Further study of the adrenoceptors of the saphenous vein of the dog: influence of factors which interfere with the concentrations of agonists at the receptor level.


In the present study the affinities of some sympathomimetic amines for alpha- and beta-adrenoceptors of the dog saphenous vein tissue were determined after all known factors interfering with the concentration of these agonists at the receptor level had been assessed and excluded. It was observed that in control experiments the relative potencies of sympathomimetic agonists for inducing contractions were: adrenaline (1.6) greater than noradrenaline (1.0) greater than phenylephrine (0.38) greater than isoprenaline (0.009). The elimination of neuronal uptake by cocaine, 4 X 10(-6) M, enhanced predominantly the effects of noradrenaline (by a factor of 7.5), whereas block of catechol-O-methyl transferase (COMT) by U-0521, 10(-4) M, only enhanced those of adrenaline (by a factor of 2.6) and block of beta-adrenoceptors by propranolol, 5 X 10(-7) M, enhanced those of isoprenaline (by a factor of 3) and adrenaline (by a factor of 1.8).
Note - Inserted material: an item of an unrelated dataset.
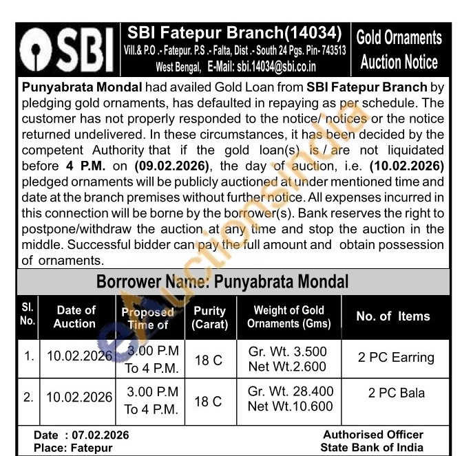 State Bank of India Gold Auctions Auction in South 24 Parganas

Block of COMT enhanced the effects of adrenaline approximately as much as did the blockade of neuronal uptake; this seems to indicate that the affinity of adrenaline for extraneuronal and neuronal uptake processes is approximately the same. Regarding the relaxation-inducing capacity of sympathomimetic agents it was observed that isoprenaline, adrenaline and noradrenaline are full agonists, whereas phenylephrine was not able to produce relaxation amounting to more than 5% of the maximum. Denervation did not modify the relaxant effects of isoprenaline. After elimination of all known factors interfering with the concentration of the sympathomimetic agonists in the biophase, the ratios between the ED50's of each amine for alpha- and beta-adrenoceptors were: adrenaline = 34, noradrenaline = 109 and isoprenaline = 0.0041.